Sputnik Sweetheart - Haruki Murakami

This is the second of Murakami's books that I've read, and I was a little more prepared this time. I picked up on some similiarities between this one and The Wind-up Bird Chronicle. Murakami's books are a bit dream-like, with mysterious characters with surprising amounts of influence; people vanish inexplicably; motivations are hard to determine. But the most notable aspect is that things don't resolve the way you might expect from other novels. If somebody hints at a life-changing experience in their past, you can't count on finding out what it was. If somebody disappears, they may turn up ... or not. You never know.
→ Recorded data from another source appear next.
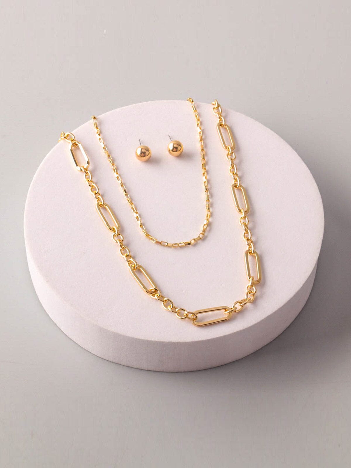 The FASHION CHAIN EARRINGS & NECKLACE 3PCS SET is a trendy and versatile addition to any boutique's collection. This set includes a pair of chain earrings and a matching necklace, adding a touch of glamour and edge to any outfit. The chain design and high-quality materials make this set a must-have for retailers, and is sure to be a bestseller with boutique owners looking for trend-forward layering pieces.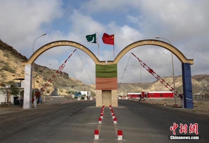 資料圖:瓜達爾港出入口的拱門。瓜達爾港是阿拉伯海沿岸的一座天然不凍良港,也是中巴經(jīng)濟走廊的南端起點。中新社記者 劉關關 攝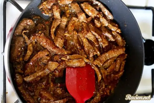 Даем овощам хорошо пропотеть. Затем добавляем ложку томатной пасты ,две ст.л. молотой сладкой паприки, хорошо вымешиваем затем очередь за соевым соусом и половинкой порции острого соуса самбал оелек ( половинка , потому что , когда вы зальете бульоном , проверите на остроту и если не достаточно будет , вы всегда сможете ее добавить), нарезанные соломкой муэр грибы.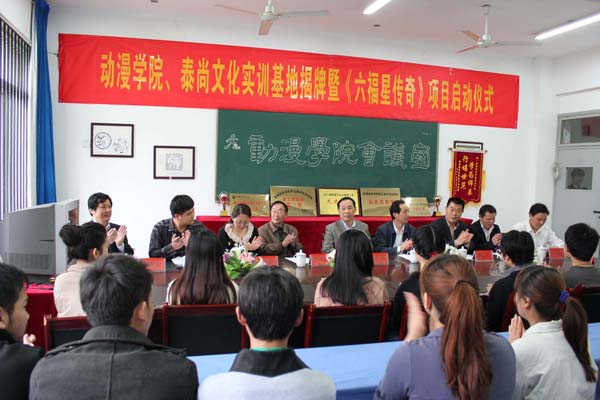 4月20日上午,贝博官网动漫学院与合肥泰尚文化科技有限公司实习实训基地揭牌暨《六福星传奇》动画片制作项目启动仪式在动漫学院会议室举行。副院长杨世国教授,合肥市科技局副局长、合肥国家动漫暨服务外包产业基地管委会主任马鸣,贝博官网教务处处长李志远、动漫学院院长孙家启教授,合肥泰尚文化科技有限公司总经理纪杰,贝博官网招就办及相关部门的负责人出席了启动仪式。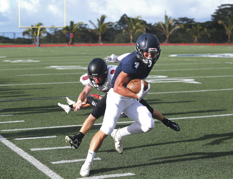 Michael Perry led Kamehameha’s aerial attack, completing 12 of 20 passes for three touchdowns and 201 yards. Snyder was Perry’s favorite target, hauling in seven passes for 75 yards.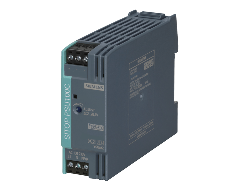 SITOP PSU100C 12V / 2A. FONTE DE ALIMENTAÇÃO ESTABILIZADA COM ENTRADA DE 100-230V AC (110-300V DC) E SAÍDA DE 12V DC / 2A. AS SITOP COMPACT MONOFÁSICAS SÃO ALIMENTAÇÕES DE CORRENTE ESTREITAS E ECONOMIZADORAS DE ESPAÇO PARA A FAIXA DE DESEMPENHO INFERIOR. ELAS SÃO USADAS NA ÁREA DAS APLICAÇÕES DESCENTRALIZADAS EM CAIXAS DE COMANDO OU ARMÁRIOS DE DISTRIBUIÇÃO PEQUENOS, DISTINGUINDO-SE PELA POTÊNCIA DE PERDA REDUZIDA EM TODA A FAIXA DE CARGA. AS PERDAS SÃO EXTREMAMENTE REDUZIDAS MESMO NO FUNCIONAMENTO EM VAZIO, PELO QUE ELAS TAMBÉM SE ADEQUAM PERFEITAMENTE À ALIMENTAÇÃO EFICIENTE DE MÁQUINAS E INSTALAÇÕES QUE SE ENCONTRAM FREQUENTEMENTE EM MODO DE STANDBY. AS PARTES DA REDE COMBINATÓRIA POSSUEM UMA ENTRADA DE GRANDE AMPLITUDE PARA REDES DE CORRENTE ALTERNADA E CORRENTE CONTÍNUA, SENDO QUE OS TERMINAIS DE ENCAIXE SUPORTAM UMA CONEXÃO ELÉTRICA SIMPLES. A FAIXA AMPLA DE TEMPERATURAS E AS CERTIFICAÇÕES ABRANGENTES OFERECEM POSSIBILIDADES DE APLICAÇÃO UNIVERSAIS. NÃO IMPORTA O SETOR OU O REQUISITO – A SIEMENS DISPONIBILIZA ALIMENTAÇÕES DE CORRENTE CONFIÁVEIS E EFICIENTES PARA CADA INSTALAÇÃO.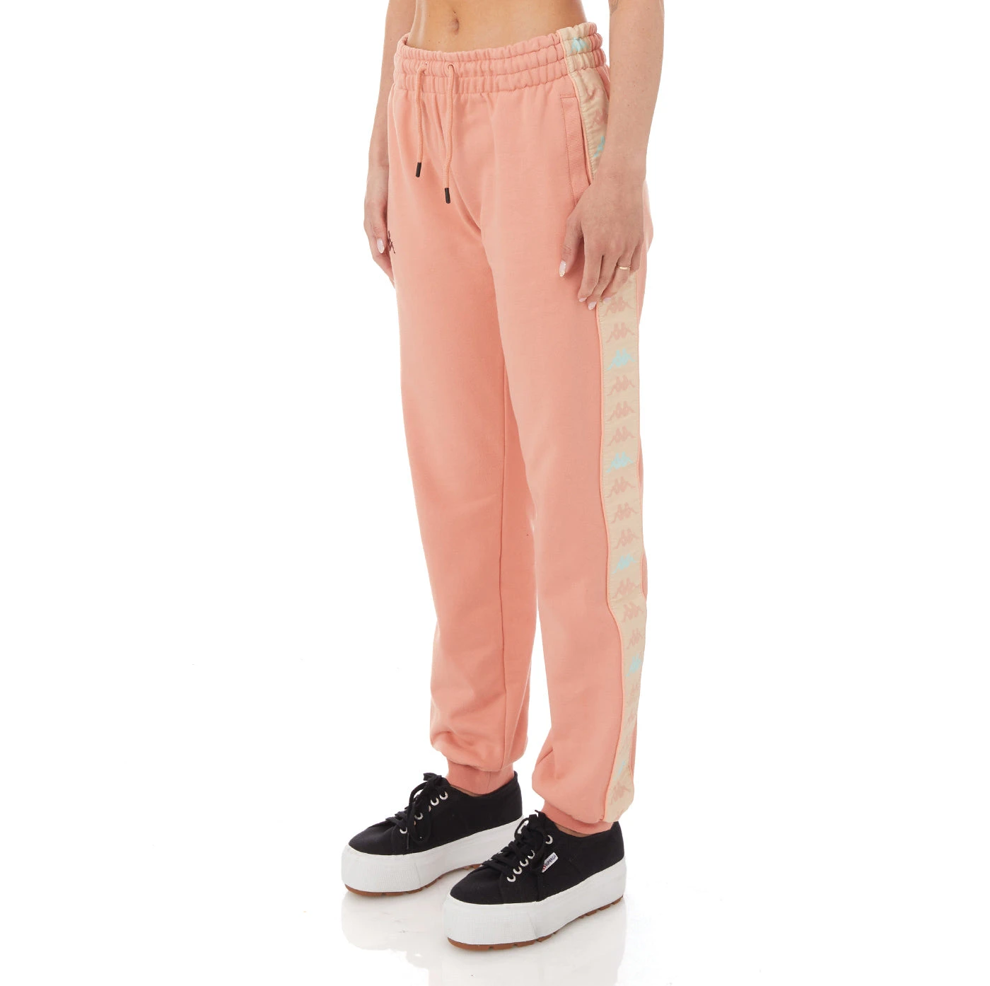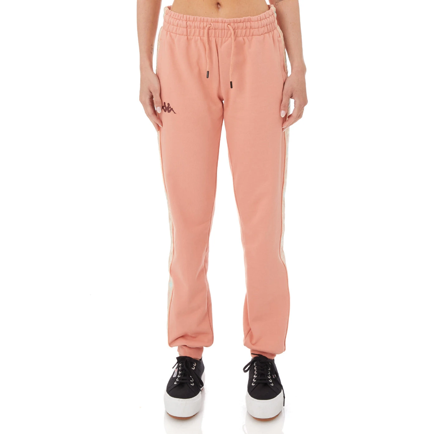 Womens sweatpants in french terry. REGULAR FIT. Omini logo tape with piping down side, printed logo on front. Textile Composition: Cotton 80%, Polyester 20%.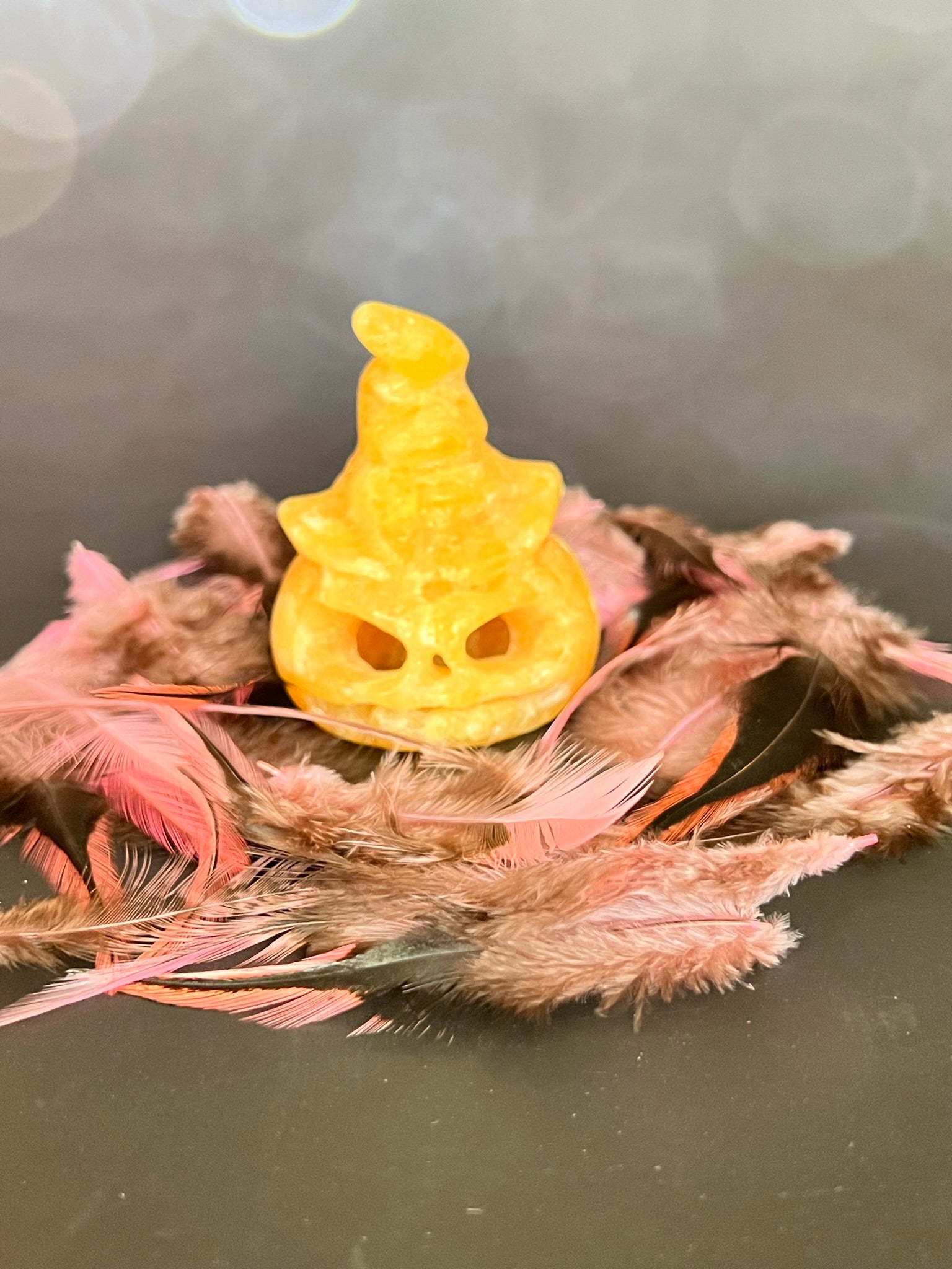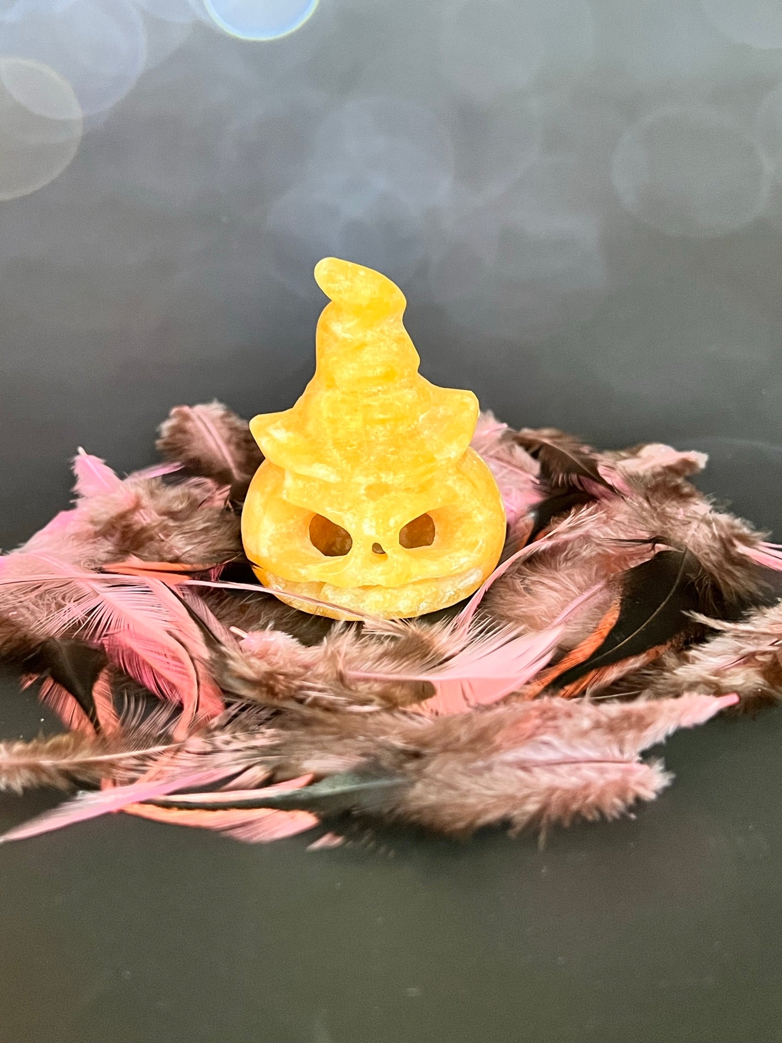 Vier Halloween in stijl en omring jezelf met de warme en positieve energie van oranje calciet. Voeg deze prachtige carving toe aan je collectie en maak van elk seizoen een magische ervaring.

As in a dream, the individual pieces of a scene seem real, but taken on the whole there's something wrong about it that you can't quite place. It's unsettling, and as you read you realize that there's not enough pages left in the book for him to answer all the questions you still have.
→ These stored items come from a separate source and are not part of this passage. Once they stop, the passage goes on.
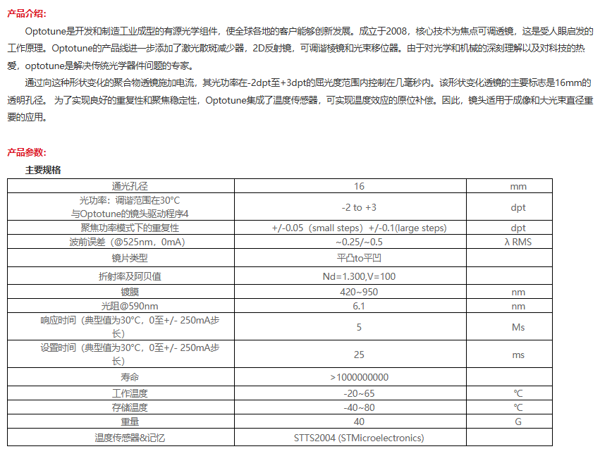 瑞士optotune 通光孔径16mm液态镜头 手机/微信:13682357549 13246646513 QQ:672776553 564600083 1903656788 Email:672776553@qq.com 564600083@qq.com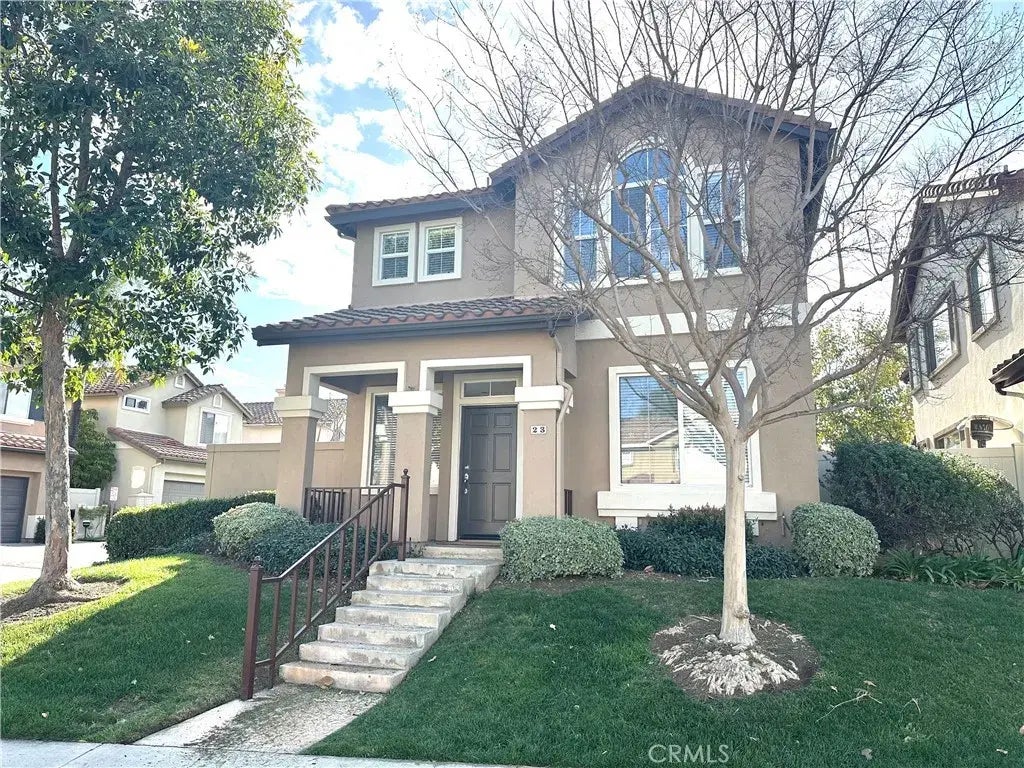 Welcome to 23 Paseo Acebo, nestled in the heart of the highly sought-after Rancho Santa Margarita. Located in the charming Castile community, this expansive home boasts the largest floor plan on a premium lot, with no neighbors on one side and one of the few homes in the neighborhood with a driveway. Designed for modern living, the floor plan offers 3 bedrooms plus a spacious bonus room, all located upstairs, along with 2.5 baths and a 2-car garage. The main level features a welcoming living room, dining room, and a cozy family room with a stunning fireplace adorned with custom mosaic tile. Upstairs, you'll find a dedicated computer work station, a full-size laundry room, and linen closet. Upgrades throughout include new carpeting, porcelain tile flooring on the first floor, 5" baseboards, fresh custom paint, updated lighting, and more. Step outside to the beautifully landscaped, low-maintenance backyard featuring flawless hardscape. The HOA takes care of exterior landscape maintenance, allowing for a hassle-free lifestyle. Ideally located within walking distance to shopping, dining, Central park, and schools, this home offers easy access to the 241 Foothill Transportation Corridor. Rancho Santa Margarita is ranked the #1 safest city in California, according to a 2024 Safewise report.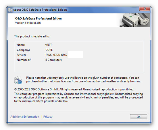 O&O SafeErase 5 Professional Edition 5.0.366
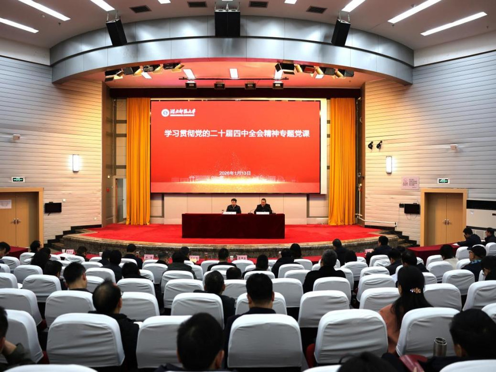 雷儒金在总结讲话中强调,全校上下要以此次党课为契机,深入学习领会、全面贯彻落实党课精神,切实把学习成效转化为推动学校高质量发展的实际成果。一要在学深悟透上下功夫,将学习党的二十届四中全会精神与省委十二届十一次全会精神、学校“十五五”规划相结合,通过多种形式掀起学习宣传热潮,凝聚共识与力量;二要在对标对表上求实效,主动对接教育强国、科技强国、人才强国建设要求,聚焦学科优化、人才培养、科研创新等关键任务,在服务全省发展大局中展现担当;三要在压实责任上见真章,各级党组织要扛起主体责任,将学习贯彻与年度考核相结合,以高度的责任感和执行力确保各项部署落地生根,为学校发展汇聚强大动能。

As with his last book, this book also got me wondering about translations, since it was originally written in Japanese and translated by Philip Gabriel. What is the book like in its original language? Are there things that don't come across properly? One of the main characters is named Sumire, which means Violet in Japanese: did they have to explain that in Japanese? Or was she named "Violet" in the original?

Murakami is definitely a wonderful writer and a creative storyteller, but I'm still not entirely sure if I like him. If you want to be unsettled and disturbed, check this book out. If you like your nice, neat resolutions for your books, better pass on this one.